Of course, the algorithm like this does not immediately satisfy the posted requirements. But at the same time it is intuitively too generic: it allows you to detect a permutation of absolutely any numerical combination in an array. In your case you need to detect a permutation of a specific combination 1, 2, ..., N. Maybe this can somehow be used to simplify things... Probably not.

Answer 4

it looks like asking to find duplicate in array with stack machine.

it sounds impossible to know the full history of the stack , while you extract each number and have limited knowledge of the numbers that were taken out.

Answer 5

Depending on how much space you have, relative to N, you might try using hashing and buckets.

That is, iterate over the entire list, hash each element, and store it in a bucket. You'll need to find a way to reduce bucket collisions from the hashes, but that is a solved problem.

If an element tries to go into a bucket with an item identical to it, it is a permutation.

This type of solution would be O(N) as you touch each element only once.
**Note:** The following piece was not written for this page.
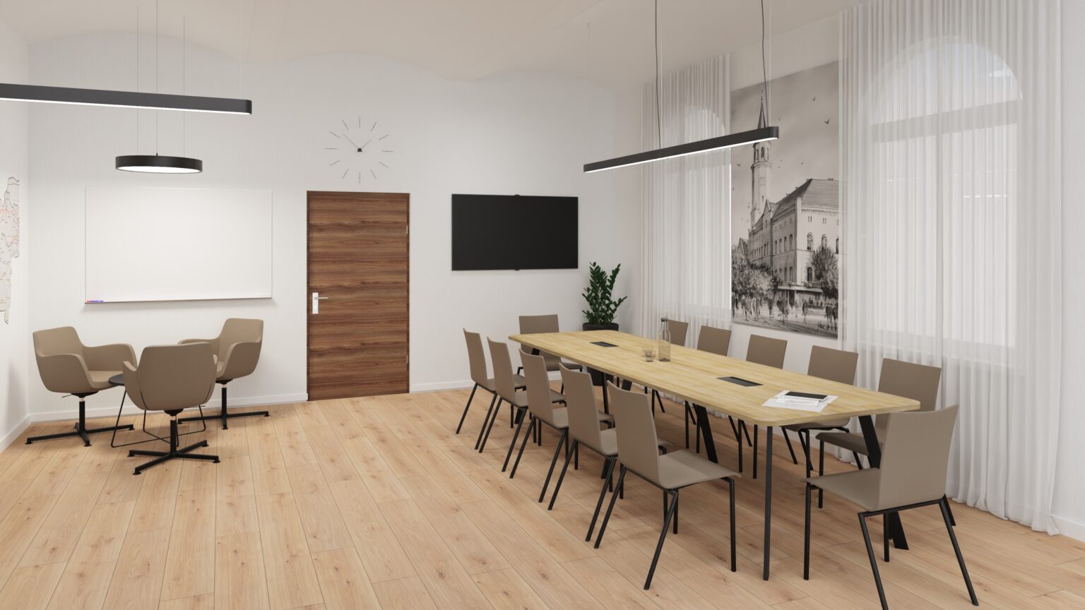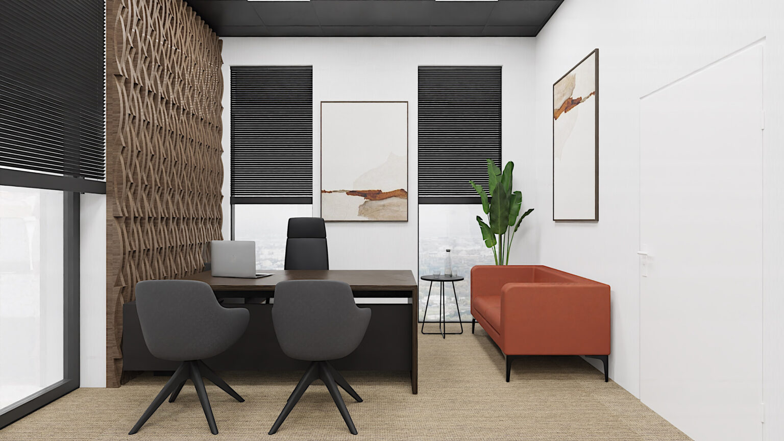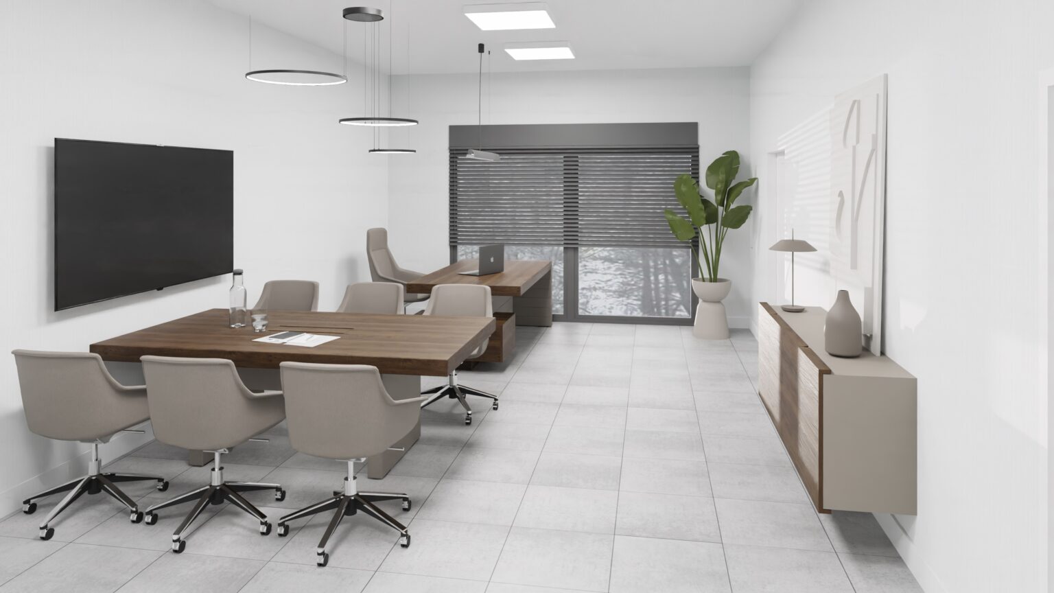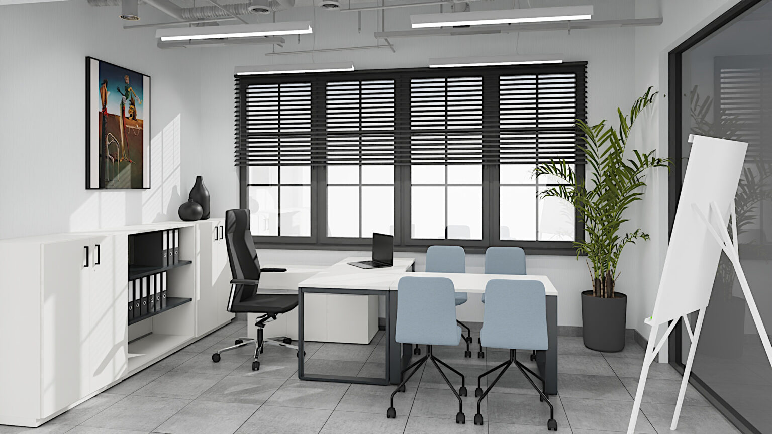 Gabinet dyrektora to wizytówka firmy. Dbamy o elegancki wystrój, dopasowaną kolorystykę i detale, które budują profesjonalny obraz i zaufanie w oczach klientów i partnerów.

However, the problem with this is whether space M is larger than N or not. If M > N, this solution will be fine, but if M < N, then you will not be able to solve the problem with 100% accuracy.

Answer 6

Here's proof it can't be done:

Suppose by some artifice you have detected no duplicates in all but the last cell. Then the problem reduces to checking if that last cell contains a duplicate.

If you have no structured representation of the problem state so far, then you are reduced to performing a linear search over the entire previous input, for EACH cell. It's easy to see how this leaves you with a quadratic-time algorithm.

Now, suppose through some clever data structure that you actually know which number you expect to see last. Then certainly that knowledge takes at least enough bits to store the number you seek -- perhaps one memory cell? But there is a second-to-last number and a second-to-last sub-problem: then you must similarly represent a set of two possible numbers yet-to-be-seen. This certainly requires more storage than encoding only for one remaining number. By a progression of similar arguments, the size of the state must grow with the size of the problem, unless you're willing to accept a quadratic-time worst-case.

This is the time-space trade-off. You can have quadratic time and constant space, or linear time and linear space. You cannot have linear time and constant space.